Edit: about to open a case

TonioRoffo · Post by **TonioRoffo** » Apr 19, 2023 9:29 am this post

Opened a case #06018563

TheJourney · Post by **TheJourney** » Apr 19, 2023 2:52 pm this post

Same issue, using Wasabi as well. Guess ill open a Ticket...

Apr 21, 2023 3:38 pm

Same issue, but using Cloudian storage. I'll be opening a ticket as soon as I'm allowed to do so by Veeam, but in the meantime, watching this thread like a hawk...

jshapiro · May 02, 2023 2:01 pm

The Veeam engineer gave me some regedits to apply to the Veeam server to optimize for Wasabi. I applied these, and offload jobs seemed to run better for a few weeks. They are once again getting stuck at 99% for days and getting stacked up. I just opened another ticket. Here's the regedits I had applied:

New-ItemProperty -Path 'HKLM:\SOFTWARE\Veeam\Veeam Backup and Replication\' -Name 'S3ConcurrentTaskLimit' -Value "10" -PropertyType DWORD -Force

New-ItemProperty -Path 'HKLM:\SOFTWARE\Veeam\Veeam Backup and Replication\' -Name 'S3RequestTimeoutSec' -Value "900" -PropertyType DWORD -Force

New-ItemProperty -Path 'HKLM:\SOFTWARE\Veeam\Veeam Backup and Replication\' -Name 'S3RequestRetryTotalTimeoutSec' -Value "9000" -PropertyType DWORD -Force

Post by **DeanCTS** » May 03, 2023 1:16 pm this post

jshapiro wrote: ↑Apr 03, 2023 4:59 pm Seemed to be better for a couple of days, but now I have some offload jobs stuck at 99% again. I updated the ticket notes.

How is it looking like now that you've applied regedit optimizations for the backup service to Wasabi? Any major improvements?

thebdur · Post by **thebdur** » May 12, 2023 1:49 pm this post

I'm having this same issue. Applied the same registry keys and the offloading does go through eventually, but they take an abnormally long time. The upload of the data will take 5-15 minutes, then it will set at 99% for all VMs for an hour or more.

RonanD · Post by **RonanD** » May 17, 2023 11:38 am this post

I think your job stay block on "cleaning"

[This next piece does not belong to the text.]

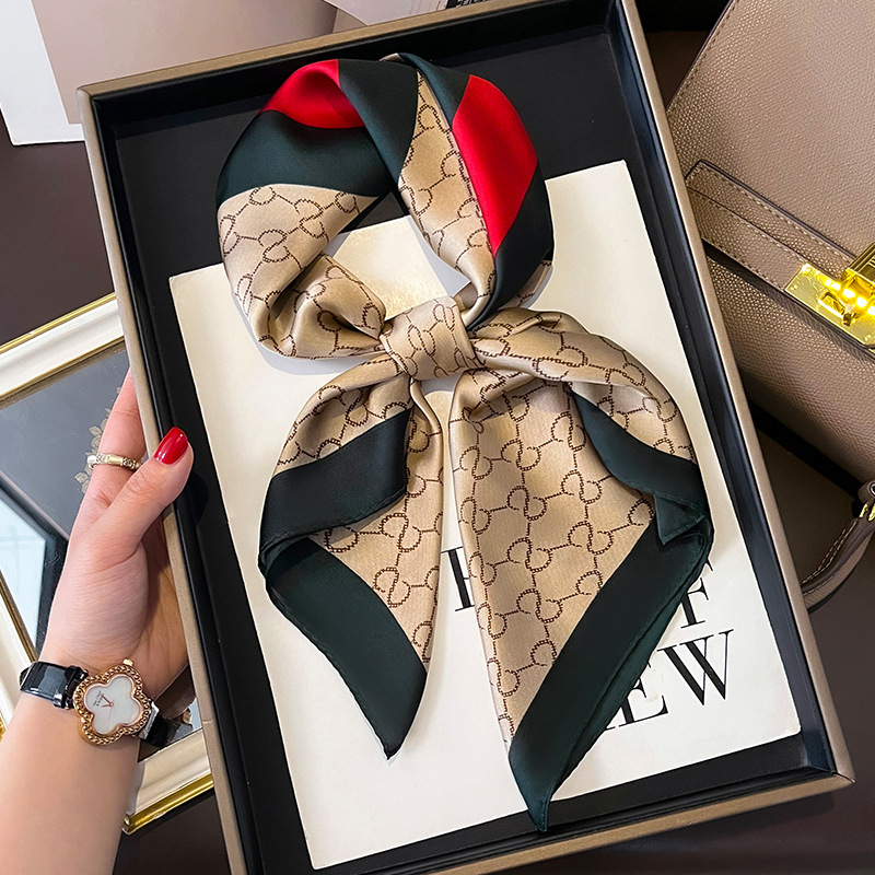 2023 새로운 카레 컬러 작은 스퀘어 스카프 여성 하이 엔드 봄과 가을 어울리는 셔츠 세트 목 보호 얇은 스카프스토어 가기

i have had the same problem, solved on this case Case #04958240

[HKEY_LOCAL_MACHINE\SOFTWARE\Veeam\Veeam Backup and Replication]
"StgIndexCleanupTaskSize"=hex(b):00,28,00,00,00,00,00,00
"StgIndexEnableCache"=dword:00000001
"StgIndexUploadTaskSize"=hex(b):00,28,00,00,00,00,00,00

StgIndexCleanupTaskSize : 2800
StgIndexEnableCache : 1
StgIndexUploadTaskSize : 2800

You need more RAM and can double the value for increase the process

jshapiro · Post by **jshapiro** » May 22, 2023 12:41 pm this post

I stripped out 1 of the 3 registry tweaks the original Veeam engineer provided for Wasabi S3 storage. The one I stripped limited S3 Concurrent Task Limit to 10. This caused offloading to run way too slowly. Not enough offload threads running. I opened another support ticket with Veeam to complain that offload jobs were back to getting stuck at 99%. The job would get stuck with specific VM's within the backup job getting stuck deleting checkpoints. At this stage, it could take days for some of them to process, and there wasn't a lot of visual feedback anything is happening. Anyway, the solution was to update Veeam to 12.0.0.1420_20230412. This update includes a number of fixes including jobs taking a long time to delete checkpoints. With the S3 Concurrent Task Limit tweak removed, and with the update, things have been good.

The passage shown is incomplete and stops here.